Current host deployment convention:

  • ordinary agents run in a writable repository for normal source work
  • protected .spine outputs remain read-only by default
  • .spine/view/** follows the same protected-output posture when enabled
  • trusted spine write paths temporarily unlock and then re-lock those outputs
  • the baseline file plus mutation warnings are soft-gate layers for exposing out-of-band edits, not a replacement for strong host isolation
  • this model reduces accidental same-user writes in normal workflows; it does not claim to stop malicious same-permission processes

4. Index contract

Each indexed file is stored as a SpineUnit in .spine/index/<path>.json.

Key slices:

  1. identity: file path, hash, language, file kind, scope
  2. semantic: role, responsibilities, out-of-scope statements, invariants, public surface, and localized content (translations).
  3. skeleton: deterministic AST facts
  4. graph: dependency edges and related structure
  5. provenance: generation metadata

Additional runtime signals:

  • ruleViolations
  • driftDetected
  • driftReason
  • _thinking: (Validation mode only) Chain-of-Thought scratchpad.

5. v0.4 changes

Compared with v0.3, the v0.4 line introduced:

  • Headless Generation: Shifting from prose generation to data-centric JSON extraction.
  • Node-side Atlas Rendering: Local deterministic Markdown generation from SpineUnits.
  • Multilingual Indexing: Support for the localized field in SpineSemantic to hold multiple language summaries.
  • Intelligence Primitives: Integration of Few-Shot examples and Chain-of-Thought (CoT) reasoning for higher precision.
  • SQLite-backed state via cache.db
  • centralized tracking of violations and usage logs
  • manifest.json as a summary view rather than the only source of truth
  • protocol and implementation version alignment
  • semantic drift detection and persisted drift history
  • stronger transactional write behavior and lock handling

6. SQLite tables

Current core tables:

  • files
  • violations
  • usage_logs
  • drift_events
  • symbols

7. Runtime characteristics in the current line

The shipped v1.0.x line already includes:

  • task-based execution flows with explicit stage input/output contracts
  • TaskContext.state reserved for telemetry, with transient stage artifacts held in runtimeCache
  • serial task orchestration with timing and logging
  • file-lock coordination on top of SQLite transactions
  • CLI surfaces that expose runtime progress and health clearly

8. Manifest summary view

manifest.json is a human-readable summary surface, not the primary source of truth.
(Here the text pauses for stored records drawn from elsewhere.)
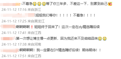 她还在评论区补充回应:“今天没空写小作文啦!过几天忙完了再给大家补上!想念你们!强行么么哒!”
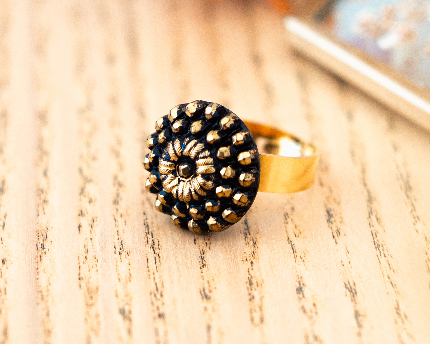 Petite bague Marthe dorée, bague réglable ornée d’un bouton vintage des années 1940 fait main en verre dans le style art déco par Assuna.
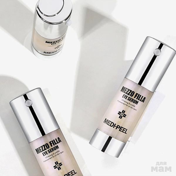 "Омолаживающая пептидная сыворотка для век MEDI-PEEL Mezzo Filla Eye Serum обладает ярко выраженным подтягивающим действием, разглаживает мимические морщинки в области вокруг глаз и носогубных складок, обладает ревитализирующим действием и тонизирует, даёт глубокое увлажнение и мягко осветляет тёмные круги.
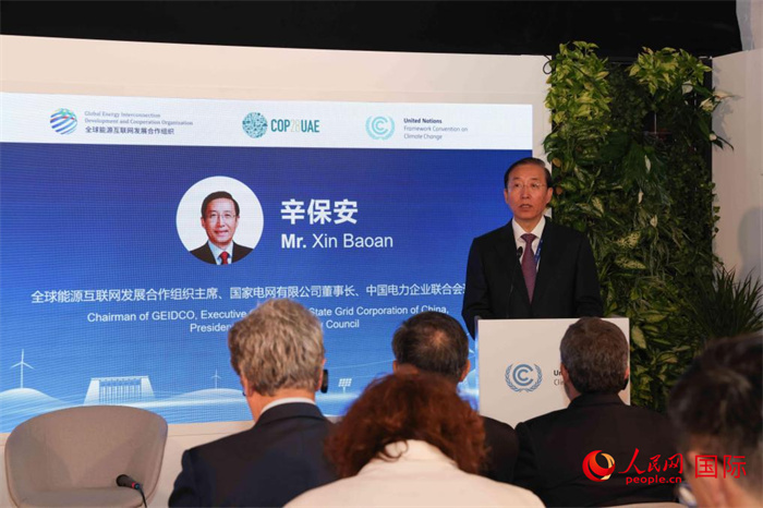 全球能源互聯網發(fā)展合作組織主席、中國國家電網有限公司董事長辛保安致辭。人民網記者 任皓宇攝
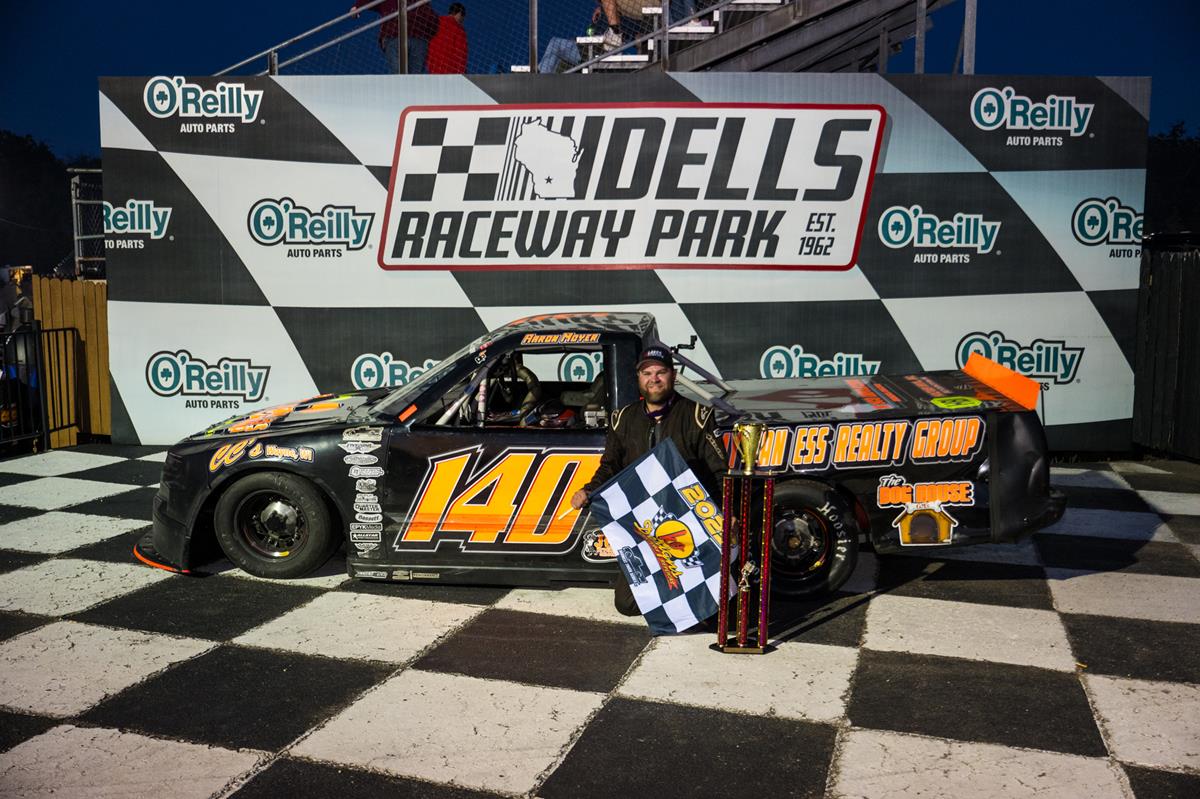 Wisconsin Dells WI-Allenton, W?isconsin's Aaron Moyer brought home the win in the Midwest Truck Series Jim Sauter Classic 50. Moyer would take the late race lead from Jordan DeVoy who led much of the early race. Moyer would utilize a masterful restart in the late going to pull away and collect his first career Midwest Truck Series Win. Following Moyer to the line was Jordan DeVoy, Grant Greisbach, Brandon Reichenberger and Eugene Gregorich III. The qualifying heats were won by Robbie Rucks and Tyler Noble while the odd/even heats were won by James Swan and Tyler Noble. Tom Steinbach won the Last Chance Race.
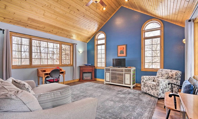 Plan your next adventure to Ellsworth, the 'Cheese Curd Capital of Wisconsin,' once you’ve booked a stay at this lovely 1-bedroom, 1-bathroom vacation rental! Surrounded by tens of acres of woodland, restored prairie, and hiking, this Pierce County apartment is the ideal quiet getaway or retreat for writing and observing nature. This area of Wisconsin is truly ideal for outdoor enthusiasts, with Kinnickinnic State Park, Frontenac State Park, and Afton Alps all within 25 miles.

In the current line it includes a sync summary with:

  • sync mode and duration
  • aggregate counters and token usage snapshots
  • latest resolved LLM provider/model metadata

The sync LLM summary records:

  • provider
  • providerSource
  • model
  • modelSource

This metadata is intended for runtime traceability so users can see which resolved model produced the current .spine state.

English is the primary docs tree; zh-CN mirrors shipped behavior.